Прощание со школой вконец обессилило Сергея Алексеевича — он словно бы лишился последнего. И это сознание огромной личной и теперь уже действительной утраты было подавляющим — он ничего не смог ей противопоставить… В голове у него безостановочно пульсировала одна мысль, что сейчас за ним придут и надо будет опять подниматься и идти. А воля — воля уже отказывала ему даже в том, чтобы отогнать эту мысль.
«Я слишком стар… — подумал Сергей Алексеевич, — стар, стар», — и не огорчился, потому что и огорчение требовало каких-то свежих сил. Только беспокойство, что его уже, наверное, ждут, мучило его…

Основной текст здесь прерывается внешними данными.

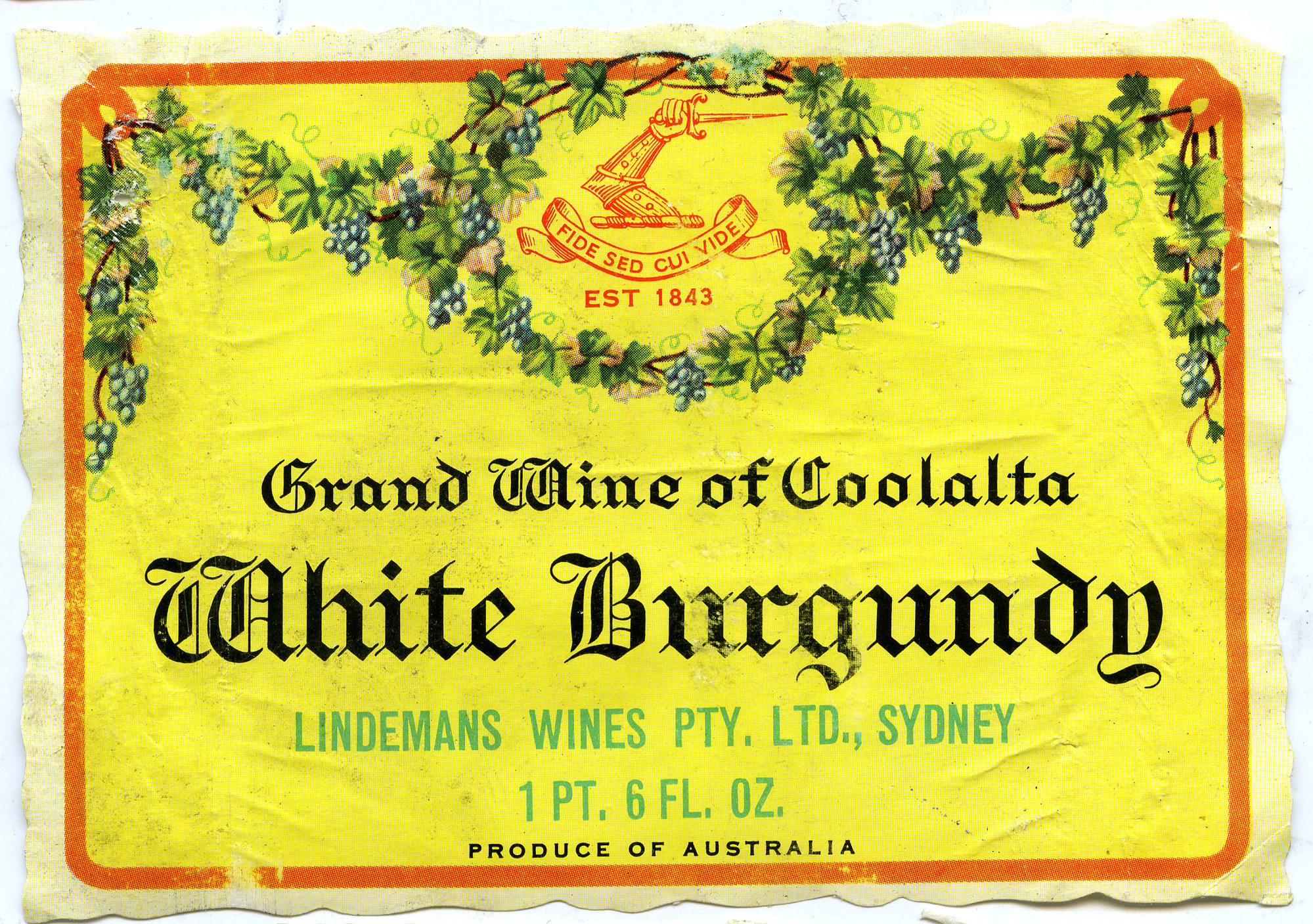 Label reads: "Est 1843. Grand wine of Coolalta. White Burgundy. Lindemans Wines Pty. Ltd., Sydney. 1 pt. 6 fl. oz. Produce of Australia."

«Сейчас, сейчас… Я минутку…» — мысленно отвечал он кому-то, кто словно бы пришел сюда вместе с ним и стоял, дожидаясь… Это было, впрочем, привычное Сергею Алексеевичу ощущение своей всегдашней зависимости, своей добровольной несвободы. Кто-то больший, чем он, Самосуд, получивший над ним неограниченную власть, неотступно как будто сопровождал его, всю жизнь не давая отдыха. И Сергей Алексеевич давно смирился с этим непременным, беспокоящим присутствием; вероятно, если б он перестал вдруг ощущать на себе требовательный взгляд своего постоянного спутника, который назывался по-разному, иногда обязанностью, иногда долгом, он почувствовал бы себя обойденным, забытым… «Минутку… Я сейчас… Пора мне, я знаю. Я сейчас…» — мысленно все повторял он.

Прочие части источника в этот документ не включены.